Challenge 4- Delivery App Data Entry from Brian

BrianJ · July 29, 2020, 12:12am

BACKGROUND:
My approach to these challenges balances four different perspectives:

Consultant - I try to role play these from the vantage point of a consultant, focused on answering the questions at hand, while also trying to find ways to provide some extra value to the client. I also pretend not to know info that would be unknown to the consultant (e.g., that the data for these are generated randomly)
Client - having spent years as a manager overseeing teams of analysts, I have strong opinions about how I personally like to see data presented. This is why most of my entries tend to focus on one primary question per page and don’t have a ton of interactive features.
Forum Contributor - I try to employ techniques that I think others on the forum might find interesting/instructive. For this submission, those techniques included: R script analyses and visuals, direct page navigation with buttons/toggles, calculation of distances from lat-long coordinates (Haversine formula) in Power Query, composite ranking approach, web scraping, and use of custom visuals (Flow Map, Smartfilter Pro, and Cards with States)
Student - per the “Deliberate Practice” model, I try to stretch myself each challenge to learn some new techniques. For this one, that focus was spatial data techniques in PBI, not having really explored that aspect of the program prior outside of some basic mapping.

AESTHETICS:
I don’t enjoy the graphical design aspect of this work and am not very good at it, so I typically borrow liberally from people who are (thankfully, including many on this forum) and just to stick to the maxim of “don’t be ugly” so the aesthetics don’t get in the way of the analysis. For this one, I used the Acterys Planning Theme from the Microsoft PBI Themes Gallery

DATA RELIABILITY AND VALIDITY:
In the real-world, before diving into any analysis, I always ask the question “are these data any good?” (i.e., do they pass basic threshold tests for reliability and validity, and based on the outcome of that analysis, to what extent can/should they be used for management decision-making?). While not comprehensive, I tried to provide some examples of the type of testing I would do in such an analysis, and chose some different approaches than I’ve showcased in previous challenges. Aesthetically, I really don’t like the way this page turned out (suggestions for improvement welcomed), plus I couldn’t find room for this important component, which helps clarify why the uniform distribution of minutes elapsed makes no sense:

COMPOSITE PERFORMANCE METRIC:
In thinking about a way to address the client’s request for insight into store-warehouse pairs that are/aren’t working well, while also providing sliceable data on the individual performance metrics, I thought back to a composite ranking approach that I worked on this Spring with @Mark. I thought that would work well here too, since it allowed me to collapse five separate performance metrics into a single score, and then allow the client to filter the data by warehouse and/or store (or groups thereof). To create the composite score, I summed the ranks of each pair (1-500) across each metric (5). In this summation, low score would represent better performance, which I thought counterintuitive, so I subtracted the sum from 2500 (5 metrics * 500 pairs/metric) so that higher score would represent better performance. I set the filter conditions to ALL, so that even when sliced, each store-WH pair would maintain a score calculated on the 2500 base, rather than on the filtered subset (this has no effect on the resulting order within the filtered subset, but allows the viewer to see even when filtered, where the pair would rank overall). I used SmartFilter Pro for my slicers, which I think provides both great additional functionality and aesthetics, and I use it now on all my reports.

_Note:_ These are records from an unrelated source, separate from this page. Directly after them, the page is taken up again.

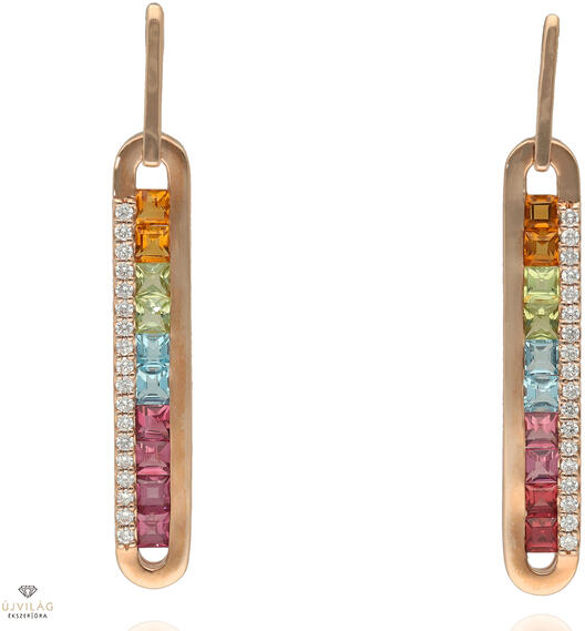 Jótállás: 36 hónap | Anyag: Arany | Szín: Rosé arany | Finomság: 14 karát | Felület: Fényes | Zárszerkezet: Stekkeres | Kő anyaga: Gyémánt, Citrin, Kék topáz, Turmalin | Gyémánt súlya: 0.18 ct | Gyémánt tisztaság: SI | Gyémánt színe: Wesselton (11-30735-0-45-1)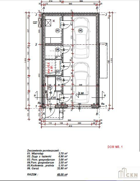 PARTER - wiatrołap, pomieszczenie gospodarcze, pomieszczenie gospodarcze, garaż, pralnia - razem 48 m2;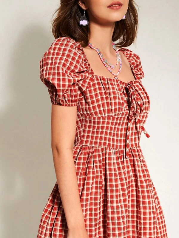 Vestido de cuello cisne con estampado de pata de gallo acolchado bajo con abertura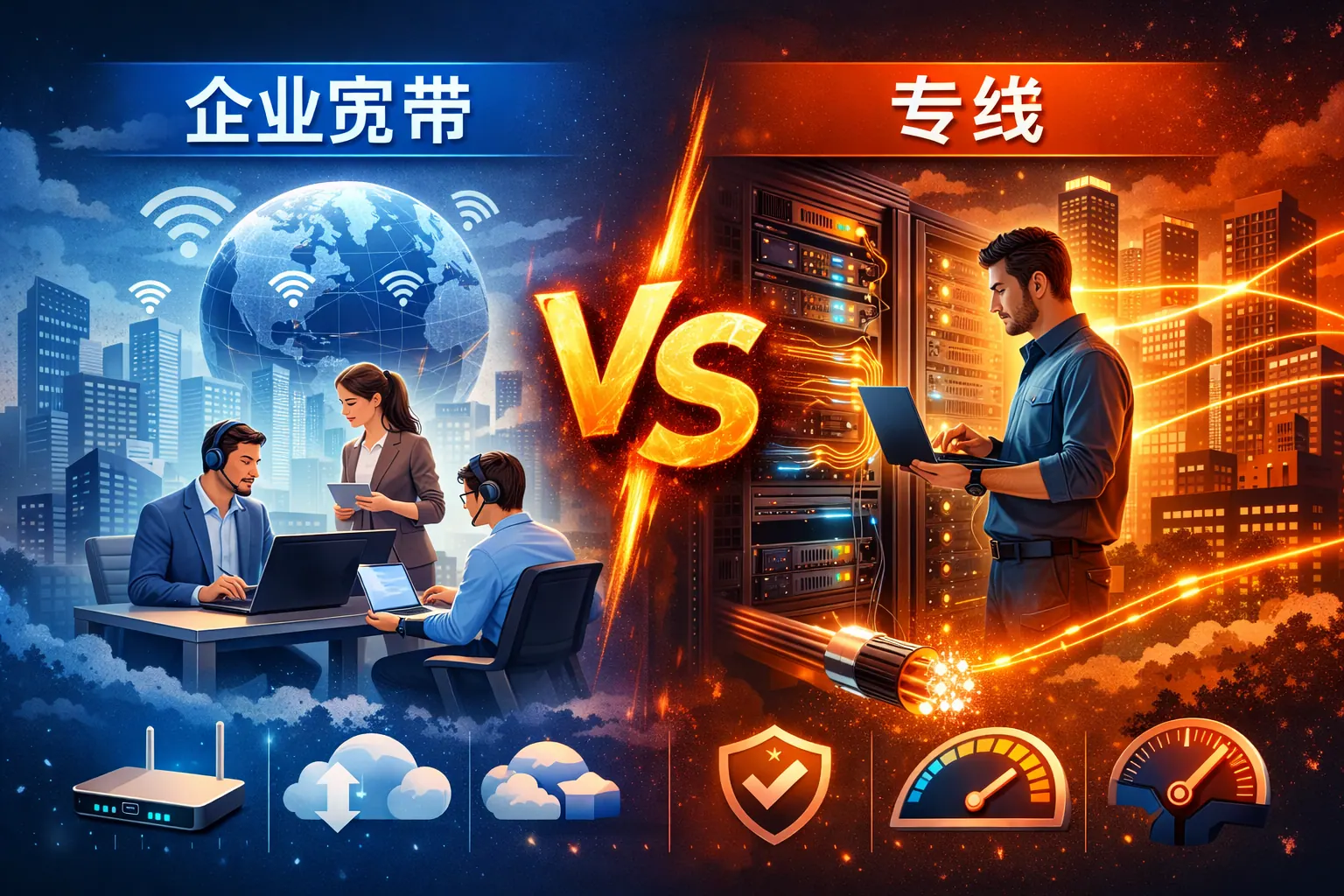 企业专线与企业宽带的核心区别在于带宽是否独享、是否对称、是否提供SLA保障以及网络稳定性与安全性的差异。企业专线采用独享对称带宽并提供服务等级协议,适合对稳定性和数据安全要求高的关键业务;企业宽带为共享资源,成本较低,更适合日常办公场景。企业在选择时应综合考虑业务连续性、预算投入与未来扩展需求,合理规划网络架构。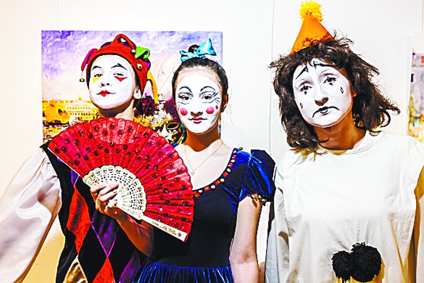 На открытие выставки пришли персонажи комедии дель арте: Арлекино, Коломбина и Пьеро.

Visually, I paired the table version of this analysis with a bar chart version, using these button templates, direct page navigation and synched slicers. I like the visual effect of the viewer being able to toggle back and forth, rather than trying to cram both visuals on the same page.

ROUTE OPTIMIZATION AND COST SAVINGS:
This section was what I did primarily for my own learning, but I felt it fit within the challenge scope in terms of “help management visualize what is happening so that we can decide what the next stage of the transformation is”. Since no locations were given for the warehouses, I made what I thought was a reasonable assumption and located them at the lat-long of the geographic center of the state, web-scraping that data from inkplant.com. I then downloaded a large city database from simplemaps.com including lat-long. The advantage of this dataset is that it also included population, which allowed me to address the problem of multiple cities/towns with the same name, by grouping the city data in Power Query by name and then filtering on the name with the max population. I think this worked well for all but one ambiguous store location (“Aurora”, which could be IL or CO) where the decision rule selected the latter but based on other store locations I think the former is correct (unlikely to have two stores in the Denver area and none in Chicago area), but I treated this data as valid, since it would be instantly verifiable with the client.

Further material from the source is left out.